On the first instance:
Run apt update; apt install iproute2 then run ip a:
We should get output that looks like this ----
1: lo: <LOOPBACK,UP,LOWER_UP> mtu 65536 qdisc noqueue state UNKNOWN group default qlen 1000
link/loopback 00:00:00:00:00:00 brd 00:00:00:00:00:00
inet 127.0.0.1/8 scope host lo
valid_lft forever preferred_lft forever
inet6 ::1/128 scope host noprefixroute
valid_lft forever preferred_lft forever
2: eth0@if23: <BROADCAST,MULTICAST,UP,LOWER_UP> mtu 65536 qdisc noqueue state UNKNOWN group default qlen 1000
link/ether 62:82:b2:1b:38:a6 brd ff:ff:ff:ff:ff:ff link-netnsid 0
inet 10.0.0.1/24 scope global eth0
valid_lft forever preferred_lft forever
3: lo: <BROADCAST,MULTICAST,LOWER_UP> mtu 1500 qdisc noqueue state UNKNOWN group default qlen 1000
link/ether 94:04:a2:fb:a1:66 brd ff:ff:ff:ff:ff:ff link-netnsid 0
inet 172.17.0.2/16 brd 172.17.255.255 scope global eth1
valid_lft forever preferred_lft forever
From this we see that we will want to use 10.0.0.1 as our rendezvous address; we can choose any available port above 1000 (e.g. 5000) for our rendezvous port.

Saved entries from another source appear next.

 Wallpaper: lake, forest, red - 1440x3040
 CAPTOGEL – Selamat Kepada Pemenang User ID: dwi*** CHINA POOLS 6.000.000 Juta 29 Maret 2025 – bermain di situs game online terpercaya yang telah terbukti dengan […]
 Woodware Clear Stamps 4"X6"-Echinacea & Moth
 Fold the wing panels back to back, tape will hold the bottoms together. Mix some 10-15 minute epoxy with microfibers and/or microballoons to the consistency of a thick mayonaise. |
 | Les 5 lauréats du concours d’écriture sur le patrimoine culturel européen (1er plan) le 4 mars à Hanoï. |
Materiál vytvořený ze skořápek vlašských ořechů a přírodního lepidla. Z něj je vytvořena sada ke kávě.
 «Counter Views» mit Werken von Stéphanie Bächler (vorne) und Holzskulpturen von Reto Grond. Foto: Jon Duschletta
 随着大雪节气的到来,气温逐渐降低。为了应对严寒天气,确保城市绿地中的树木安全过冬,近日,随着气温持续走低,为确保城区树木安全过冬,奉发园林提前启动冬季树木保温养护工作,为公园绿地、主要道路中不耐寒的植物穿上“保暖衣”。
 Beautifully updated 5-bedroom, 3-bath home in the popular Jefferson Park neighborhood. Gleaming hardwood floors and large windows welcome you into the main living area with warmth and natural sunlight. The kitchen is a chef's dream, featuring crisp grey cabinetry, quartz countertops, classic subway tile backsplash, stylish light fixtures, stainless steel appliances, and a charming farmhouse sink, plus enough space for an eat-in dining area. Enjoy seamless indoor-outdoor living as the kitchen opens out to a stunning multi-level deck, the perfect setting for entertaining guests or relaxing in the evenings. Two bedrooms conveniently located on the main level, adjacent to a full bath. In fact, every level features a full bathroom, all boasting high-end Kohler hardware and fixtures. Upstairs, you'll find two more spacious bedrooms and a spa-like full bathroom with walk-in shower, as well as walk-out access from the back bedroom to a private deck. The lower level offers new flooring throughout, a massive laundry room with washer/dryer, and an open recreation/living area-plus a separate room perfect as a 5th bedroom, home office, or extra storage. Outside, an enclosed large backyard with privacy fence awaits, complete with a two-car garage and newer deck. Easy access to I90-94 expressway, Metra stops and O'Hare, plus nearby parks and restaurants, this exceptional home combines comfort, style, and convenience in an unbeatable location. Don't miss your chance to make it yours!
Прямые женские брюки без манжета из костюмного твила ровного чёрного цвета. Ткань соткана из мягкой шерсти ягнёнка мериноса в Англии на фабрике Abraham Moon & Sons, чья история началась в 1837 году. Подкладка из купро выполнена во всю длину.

Then, run NCCL_SOCKET_IFNAME=eth0 python3 nccl_speedtest.py 10.0.0.1:5000 10G 0
The script will start, then, once it reaches init_process_group it will wait for the worker process on the other node to reach the same point and complete the rendezvous before proceeding.
On the second instance, we run NCCL_SOCKET_IFNAME=eth0 python3 nccl_speedtest.py 10.0.0.1:5000 10G 1
Once we've done the script on the second instance reaches the TCP rendezvous, both processes will continue and start communicating over NCCL.